How should I download personal information?
- If you do need to download an electronic list on to a laptop or a tablet where you can’t access GO, make sure the document is password-protected.
- Printing GO data should only be done when necessary, for example if your meeting hall has no WIFI access and you can’t use a laptop or tablet.
- If you print documents from GO you must keep them secure.
- Remember also to delete the downloaded copy of the data when it is no longer needed. Check you don’t have a duplicate of the data in the downloads folder on your computer.
- If you share your computer or other device with anyone then you must make sure they cannot access Girlguiding data. If you collect personal data on an account shared with a family member for example, and they read the personal data you collected, you have caused a data breach.
At local levels of Girlguiding, we need to keep personal data where we are required to do so by law. There is only a minimum amount of personal data which needs to be kept by units. This includes unit financial records and risk assessments.

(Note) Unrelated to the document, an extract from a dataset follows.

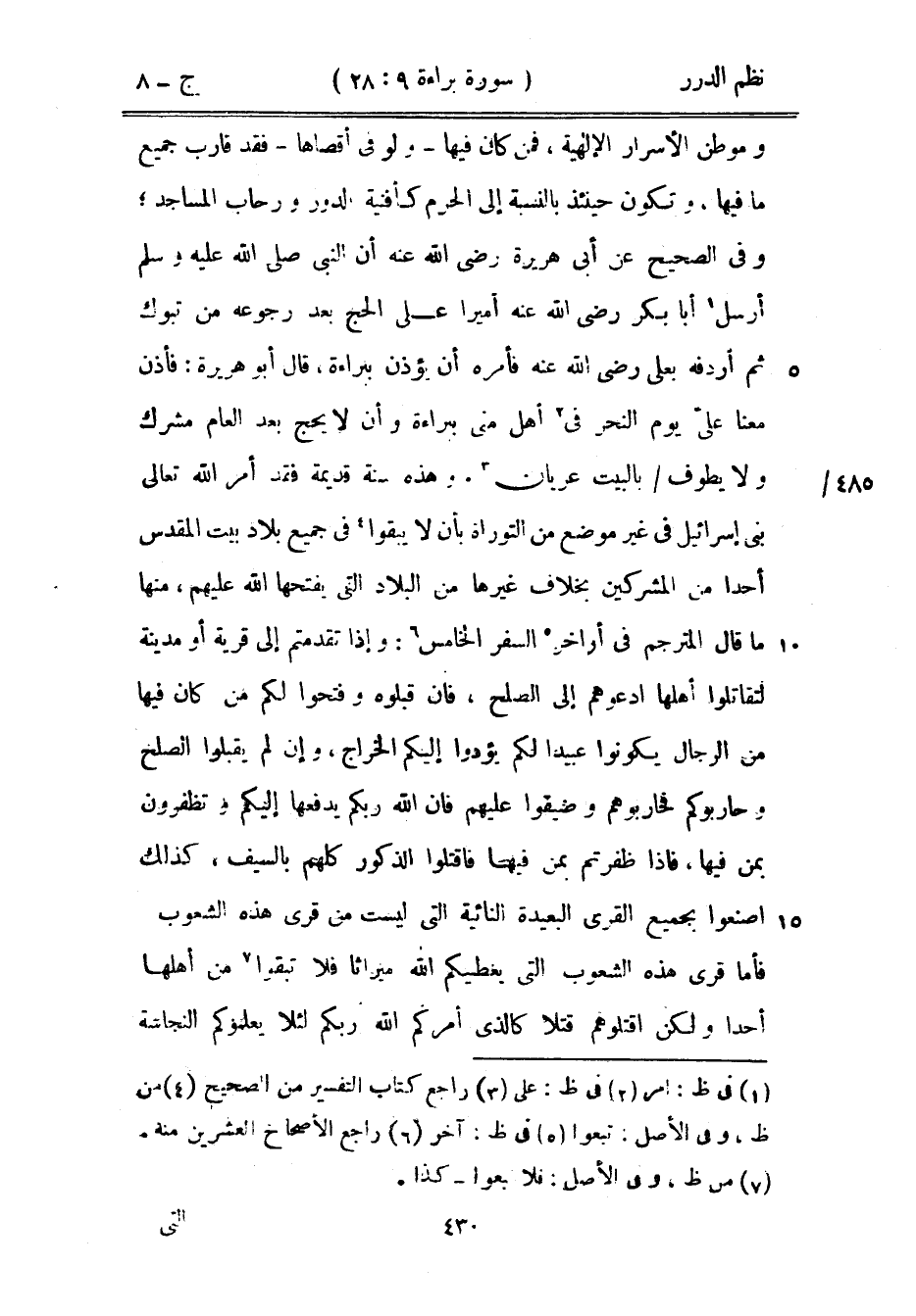وموطن الأسرار الإلهية، فمن كان فيها - ولو في أقصاها - فقد قارب جميع ما فيها، وتكون حينئذ بالنسبة إلى الحرم كأفنية الدور ورحاب المساجد؛ وفي الصحيح عن أبي هريرة رضي الله عنه أن النبي صَلَّى اللهُ عَلَيْهِ وَسَلَّمَ أرسل أبا بكر رضي الله عنه أميراً على الحج بعد رجوعه من تبوك ثم أردفه بعلي رضي الله عنه فأمره أن يؤذن ببراءة، قال أبو هريرة: فأذن معنا عليّ يوم النحر في أهل منى ببراءة وأن لا يحج بعد العام مشرك ولا يطوف بالبيت عريان. وهذه سنة قديمة فقد أمر الله تعالى بني إسرائيل في غير موضع من التوارة بأن لا يبقوا في جميع بلاد بيت المقدس أحداً من المشركين بخلاف غيرها من البلاد التي يفتحها الله عليهم، منها ما قال المترجم في أواخر السفر الخامس: وإذا تقدمتم إلى قرية أو مدينة لتقاتلوا أهلها ادعوهم إلى الصلح، فإن قبلوه وفتحوا لكم من كان فيها من الرجال يكونوا عبيداً لكم يؤدوا إليكم الخراج، وإن لم يقبلوا الصلح وحاربوكم فحاربوهم وضيقوا عليهم فإن الله ربكم يدفعها إليكم وتظفرون بمن فيها، فإذا ظفرتم بمن فيها فاقتلوا الذكور كلهم بالسيف، كذلك اصنعوا بجميع القرى البعيدة النائية التي ليست من قرى هذه الشعوب فأما قرى هذه الشعوب التي يعطيكم الله ميراثاً فلا تبقوا من أهلها احداً ولكن اقتلوهم قتلاً كالذي أمركم الله ربكم لئلا يعلموكم النجاسة

For information on how long to keep forms, check out the unit retention schedule.
How do I destroy forms?
As forms are designed for a specific purpose, when that purpose is finished you must securely destroy the form by shredding or ripping it so that it could not be put back together and read.
Using electronic devices
You may process Girlguiding personal information on your personal devices such as smartphones and tablets. If copies of data (such as email attachments) are stored on many different devices, there’s an increased risk that it’ll become out-of-date or inaccurate over time. There’s also an increased risk that it’ll be retained for longer than necessary because it’s difficult to keep track of copies. It is important to regularly review and delete the data that is held on devices.
- Make sure that devices are password protected
- Regularly delete the information on the device if it is no longer needed
- If the device is lost or stolen, can you remotely locate it and wipe the data?
- Be aware of automatic updates to cloud storage and delete documents regularly.
Girlguiding policies and procedures are reviewed and updated from time to time as part of a review cycle.